▶ **YOUR GOAL**
The expected output is an exact copy of the lines from the one containing "This gene encodes" to the final line below, minus any pictures.

▶ **DATA LISTING**
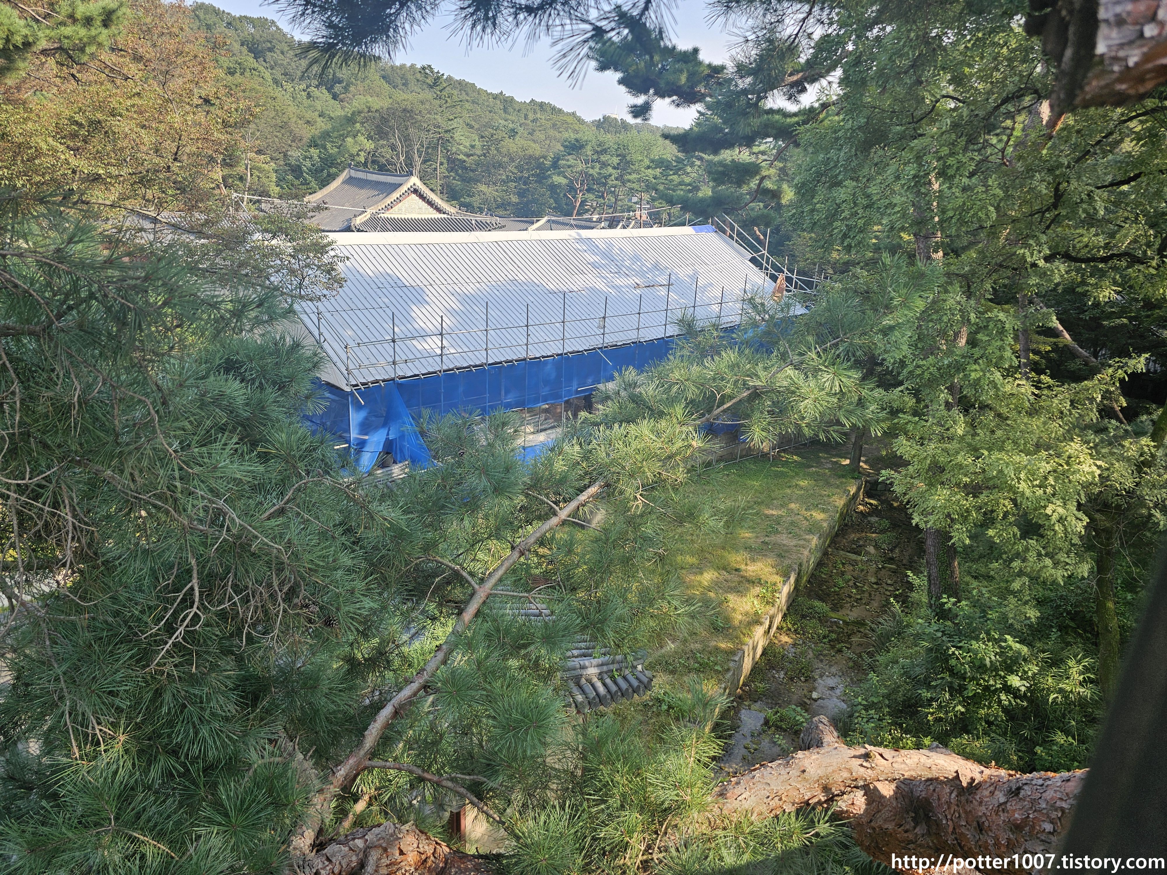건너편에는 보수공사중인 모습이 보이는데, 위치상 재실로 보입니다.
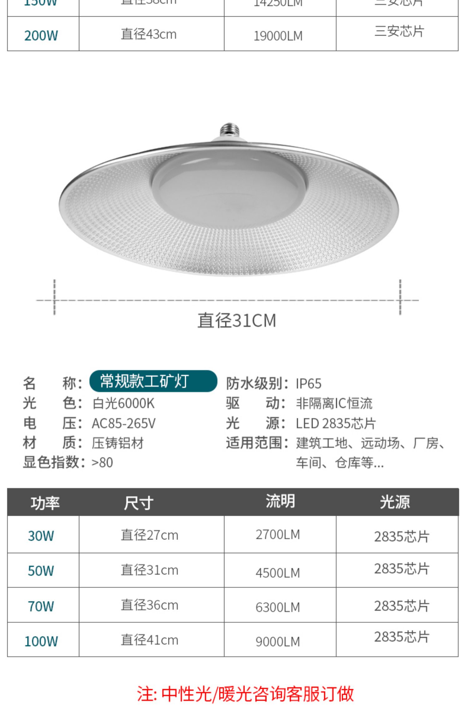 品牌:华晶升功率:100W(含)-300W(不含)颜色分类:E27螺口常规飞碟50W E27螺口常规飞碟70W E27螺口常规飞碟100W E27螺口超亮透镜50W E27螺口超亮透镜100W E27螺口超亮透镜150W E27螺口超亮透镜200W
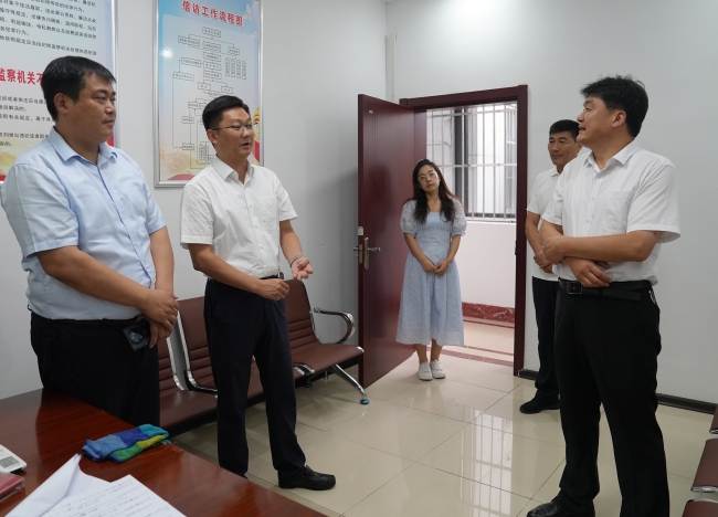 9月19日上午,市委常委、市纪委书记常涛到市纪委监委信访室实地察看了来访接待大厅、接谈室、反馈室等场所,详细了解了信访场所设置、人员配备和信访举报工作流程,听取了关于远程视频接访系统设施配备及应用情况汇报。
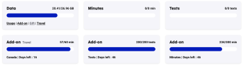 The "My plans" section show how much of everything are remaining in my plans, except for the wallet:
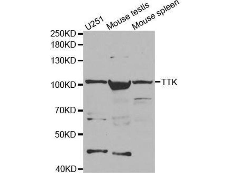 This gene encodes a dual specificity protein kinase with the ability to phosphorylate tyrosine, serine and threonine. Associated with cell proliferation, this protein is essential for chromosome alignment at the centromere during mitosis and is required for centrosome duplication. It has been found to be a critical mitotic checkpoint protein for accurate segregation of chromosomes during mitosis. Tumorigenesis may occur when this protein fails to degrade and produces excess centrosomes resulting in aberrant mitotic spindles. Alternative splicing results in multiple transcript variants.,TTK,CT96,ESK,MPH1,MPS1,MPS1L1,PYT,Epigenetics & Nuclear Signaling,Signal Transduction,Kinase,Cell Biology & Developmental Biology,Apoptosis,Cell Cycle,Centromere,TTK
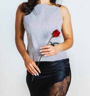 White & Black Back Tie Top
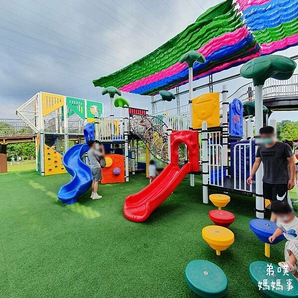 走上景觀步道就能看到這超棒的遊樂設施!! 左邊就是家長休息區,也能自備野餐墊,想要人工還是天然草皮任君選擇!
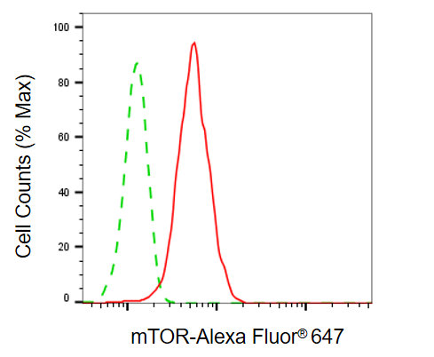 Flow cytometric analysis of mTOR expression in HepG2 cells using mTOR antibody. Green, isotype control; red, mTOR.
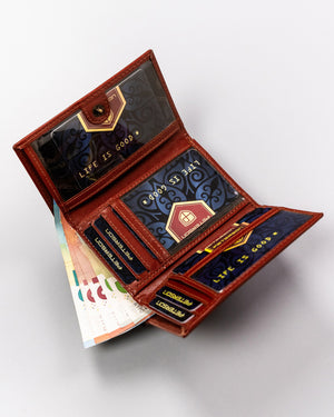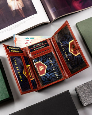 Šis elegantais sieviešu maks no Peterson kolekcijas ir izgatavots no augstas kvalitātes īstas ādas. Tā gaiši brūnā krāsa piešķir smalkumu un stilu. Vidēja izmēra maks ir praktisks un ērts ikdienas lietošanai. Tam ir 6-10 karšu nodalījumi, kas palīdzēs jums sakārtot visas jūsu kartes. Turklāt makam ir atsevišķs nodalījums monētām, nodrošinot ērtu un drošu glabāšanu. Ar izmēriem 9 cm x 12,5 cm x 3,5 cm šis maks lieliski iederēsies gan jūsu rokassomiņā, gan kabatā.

▶ **RESULT OF THIS TASK**
 This gene encodes a dual specificity protein kinase with the ability to phosphorylate tyrosine, serine and threonine. Associated with cell proliferation, this protein is essential for chromosome alignment at the centromere during mitosis and is required for centrosome duplication. It has been found to be a critical mitotic checkpoint protein for accurate segregation of chromosomes during mitosis. Tumorigenesis may occur when this protein fails to degrade and produces excess centrosomes resulting in aberrant mitotic spindles. Alternative splicing results in multiple transcript variants.,TTK,CT96,ESK,MPH1,MPS1,MPS1L1,PYT,Epigenetics & Nuclear Signaling,Signal Transduction,Kinase,Cell Biology & Developmental Biology,Apoptosis,Cell Cycle,Centromere,TTK
 White & Black Back Tie Top
 走上景觀步道就能看到這超棒的遊樂設施!! 左邊就是家長休息區,也能自備野餐墊,想要人工還是天然草皮任君選擇!
 Flow cytometric analysis of mTOR expression in HepG2 cells using mTOR antibody. Green, isotype control; red, mTOR.
 Šis elegantais sieviešu maks no Peterson kolekcijas ir izgatavots no augstas kvalitātes īstas ādas. Tā gaiši brūnā krāsa piešķir smalkumu un stilu. Vidēja izmēra maks ir praktisks un ērts ikdienas lietošanai. Tam ir 6-10 karšu nodalījumi, kas palīdzēs jums sakārtot visas jūsu kartes. Turklāt makam ir atsevišķs nodalījums monētām, nodrošinot ērtu un drošu glabāšanu. Ar izmēriem 9 cm x 12,5 cm x 3,5 cm šis maks lieliski iederēsies gan jūsu rokassomiņā, gan kabatā.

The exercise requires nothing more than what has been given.